Pulang sekolah sambil menunggu jemputan, mengenakan jaket Nevada kuning pemberian Marvel, Aqila duduk di halte depan sekolah. Marvel yang saat itu mengunakan Scoopy hitam berhenti, turun, duduk di samping Aqila. Marvel masih melihat kesedihan di wajah Aqila, tetapi dia tak ingin menguliknya. Marvel malah berpendapat ini waktu yang tepat untuk mengungkapkan isi hatinya yang sudah lama terpendam.
"Lihat kamu pakai jaket yang aku kasih rasanya senang banget deh, kamu juga terlihat lebih cantik," ungkap Marvel memuji Aqila.
"Ah, basi deh gombalnya," sahut Aqila tanpa basa-basi.
"Aku lagi nggak ngegombal lo, Qil."
"Jadi serius, nih, mujinya?" goda Aqila memainkan resleting jaketnya.
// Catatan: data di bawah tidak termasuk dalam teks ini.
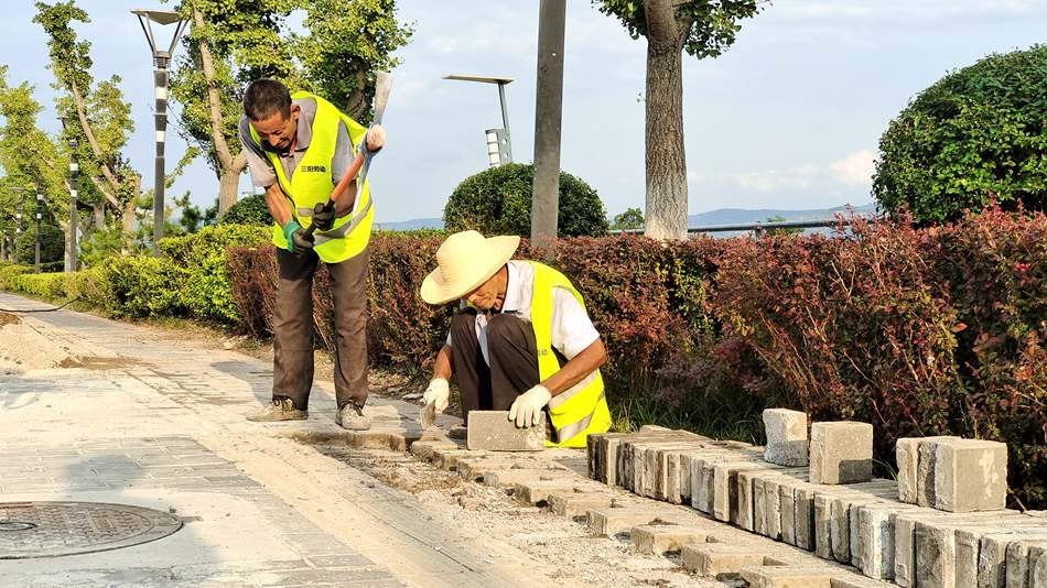 近日,記者來(lái)到麥積區(qū)隴昌路東段了解到,因該路段居民小區(qū)建成時(shí)間早,路面不少路磚已有破損現(xiàn)象,對(duì)此,區(qū)住建局安排的工作人員這幾天正在緊鑼密鼓地拆除路面舊磚、破磚,替換同色新磚,讓路面平整。并對(duì)部分區(qū)域加裝或改裝無(wú)障礙通道,以此保障市民的平安出行。與此同時(shí),在城區(qū)其他路段,工作人員還對(duì)行道樹(shù)進(jìn)行及時(shí)修剪整理,對(duì)檢查發(fā)現(xiàn)的部分壞死苗木則進(jìn)行補(bǔ)栽。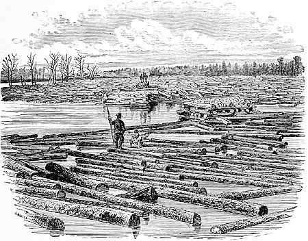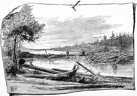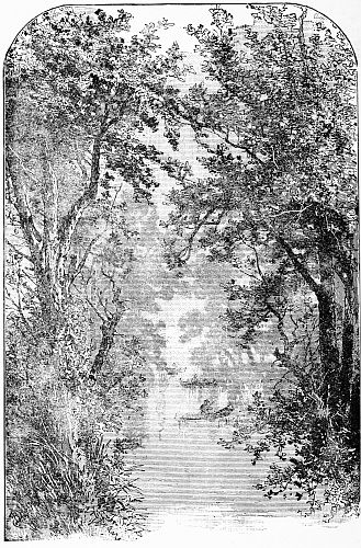 On turning a beautiful bend in the river, what was our surprise to observe the rugged growth of pines gradually disappear, and the landscape immediately softened by the introduction of a dense forest of maple, elm, ash, and noble oak trees, whose gnarled trunks pushed themselves far into the stream, their branches overlocking above our heads and forming a canopy that darkened the water.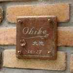 彫金仕上げの銅の小枝を取付けて立体的な表札に仕上げました。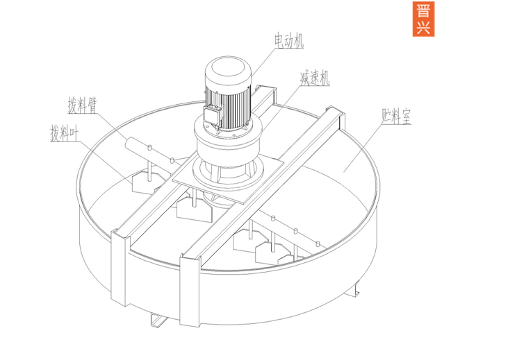 立式喂料機由盤體、撥料臂、機架、減速機、電動機等機構組成,其工作方式是通過電動機驅動減速機,然后帶動整個撥料臂勻速旋轉,從而使得交錯排列的撥料葉對物料進行均勻撥料。隨著撥料臂的旋轉從而使物料均勻流出。出料口可根據需要控制開啟大小以控制流量,以保證下道工序正常生產。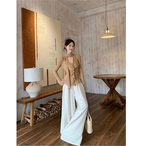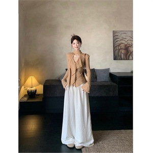 松弛系设计感飘带V领长袖T恤女2025秋季新款修身显瘦小众chic上衣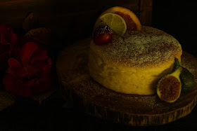 Desenforme depois de completamente frio e decore com frutos e açúcar em pó.

"Apa aku pernah bercanda?"
"Nggak pernah."
Marvel mengumpulkan keberanian untuk mengungkapkan rasa dalam hatinya. "Aku tahu ini mungkin bukan waktu yang tepat untuk mengungkapkan sesuatu, terlebih setelah kejadian semalam."
"Maksudmu apa, Vel?"
Marvel meraih tangan Aqila, "Sebelum terlambat, maukah kamu menjadi kekasihku?"
Aqila bingung dengan apa yang Marvel ungkapkan, terasa sangat mendadak dan terburu-buru. "Harus aku jawab sekarang?"
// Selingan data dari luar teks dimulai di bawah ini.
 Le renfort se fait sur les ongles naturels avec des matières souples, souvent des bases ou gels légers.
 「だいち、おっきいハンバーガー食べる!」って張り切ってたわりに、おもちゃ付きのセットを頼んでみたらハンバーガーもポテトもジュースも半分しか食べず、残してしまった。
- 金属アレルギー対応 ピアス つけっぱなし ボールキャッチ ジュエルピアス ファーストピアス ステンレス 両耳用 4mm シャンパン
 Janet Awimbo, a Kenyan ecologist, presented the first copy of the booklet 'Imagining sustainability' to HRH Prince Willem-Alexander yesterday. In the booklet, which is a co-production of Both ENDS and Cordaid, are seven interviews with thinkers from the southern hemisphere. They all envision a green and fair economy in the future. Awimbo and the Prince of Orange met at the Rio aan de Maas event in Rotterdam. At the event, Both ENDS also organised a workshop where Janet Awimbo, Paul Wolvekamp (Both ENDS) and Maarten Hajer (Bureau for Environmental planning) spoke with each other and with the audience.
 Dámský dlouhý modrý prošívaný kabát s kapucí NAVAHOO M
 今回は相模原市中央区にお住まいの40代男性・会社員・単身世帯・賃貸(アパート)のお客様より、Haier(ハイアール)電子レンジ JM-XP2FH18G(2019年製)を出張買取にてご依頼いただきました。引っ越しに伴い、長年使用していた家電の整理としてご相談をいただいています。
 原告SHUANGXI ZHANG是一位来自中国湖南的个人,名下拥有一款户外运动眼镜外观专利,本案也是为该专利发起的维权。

Udara seakan berhenti berhembus, dedaunan membisu mendengar pengakuan dari Marvel. Keringat dingin mengalir dari pelipis Aqila tak paham apa yang terjadi. Percaya diri tinggi Marvel yakin apa yang menjadi kehendaknya akan terpenuhi oleh Aqila, gadis polos nan ceria incarannya.
"Qil, sejak kali pertama kita berjumpa di car free day, aku telah menaruh hati padamu."
"Secepat itu?"
"Iya, aku harus jujur sebelum kita melangkah lebih lanjut," Marvel menghentikan kalimatnya dengan paksa.
"Jujur perihal apa?"
"Sebenarnya aku baru putus lebih kurang dua bulan dari anak SMA Taruna Tiga, tapi percayalah aku memilihmu bukan sebagai pelampiasan," ucap Marvel meyakinkan.
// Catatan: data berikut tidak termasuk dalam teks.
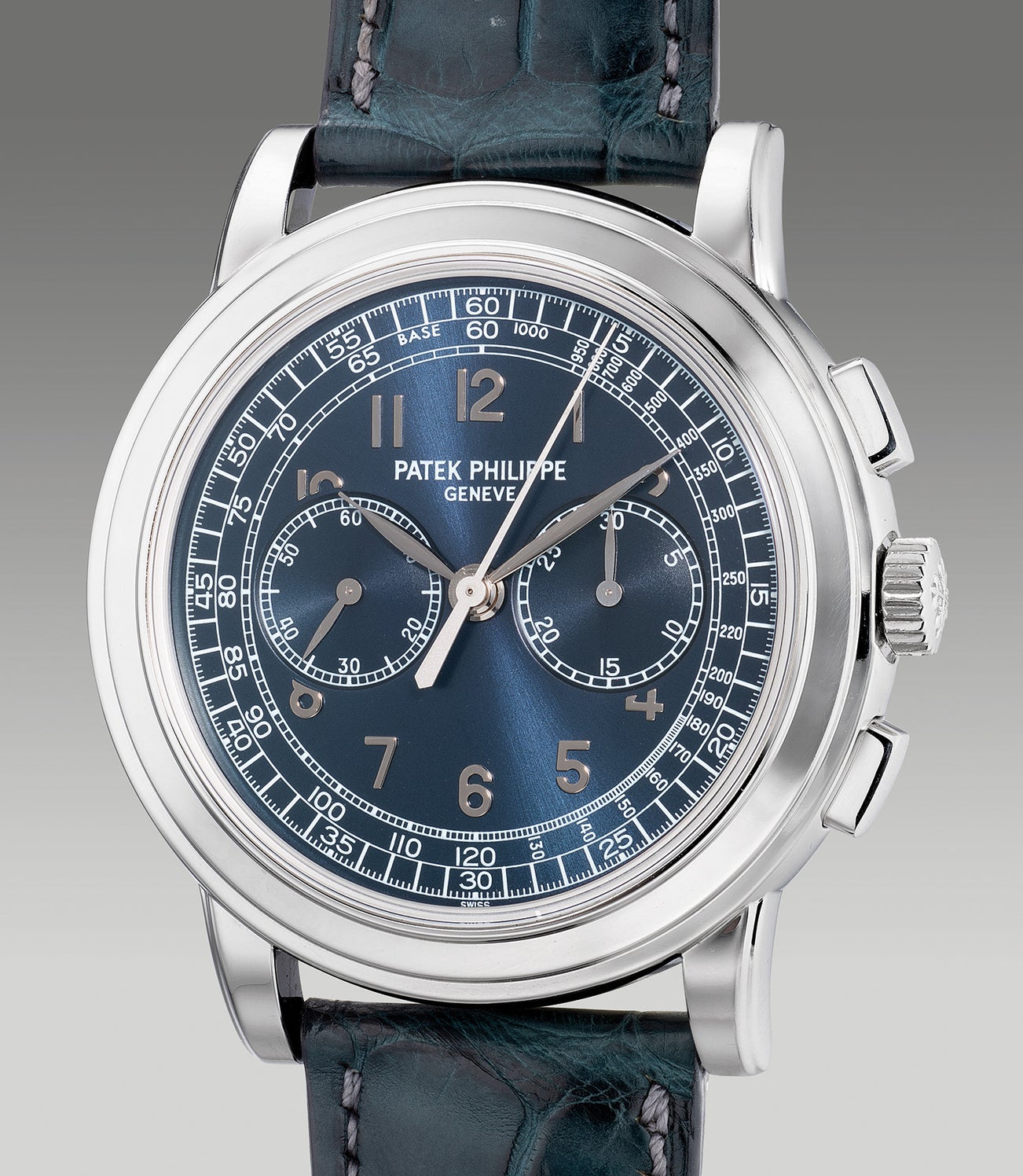A very fine and rare platinum chronograph wristwatch with blue dial, Certificate of Origin and presentation box

Pikiran Aqila melayang entah ke mana, harus bahagia atau sedih mendengarkan pengakuan dari Marvel. Namun, ini hal yang dia tunggu untuk mengubah takdir Ale dimasa depan, secara sengaja Aqila mencoba memahami apa yang Marvel inginkan. "Aku pikir juga demikian, kejujuran itu penting, aku nggak mau tahu perihal masa lalumu."
"Terus sekarang?"
"Iya, maaf," Aqila memberi jeda sesaat, "Nggak ada alasan untuk menolakmu." Aqila berpikir lebih cepat menerima Marvel akan lebih cepat pula untuk mengakhiri penderitaan Ale dengan epilepsinya dan pastinya dapat mengubah takdir masa depan Ale.
Mimik bahagia terpancar jelas di wajah tampan Marvel tanpa aba-aba segera dia memeluk Aqila. "Love you, Qil!" teriaknya kegirangan.
"Udah-udah aku nggak bisa napas," ucap Aqila merasa tak nyaman.
Marvel melepaskan pelukannya yang membuat Aqila sesak. "Sorry, saking senangnya."
Aqila tak butuh alasan mengapa Marvel memilihnya dari sekian banyak gadis cantik yang dia kenal. "It's okay, nggak masalah."
Mobil jemputan Aqila telah tiba, perpisahan sesaat dengan Marvel tak bisa dicegah. Marvel berusaha menjadi kekasih yang baik, dia membukakan pintu mobil untuk kekasih barunya. Aqila tersenyum manis melihat tingkah Marvel yang lucu menurutnya.
"Hati-hati, kalau udah sampai rumah, chat, ya!" perintah Marvel ingin memastikan kondisi Aqila baik-baik saja.
Aqila mengedipkan satu mata tanda setuju.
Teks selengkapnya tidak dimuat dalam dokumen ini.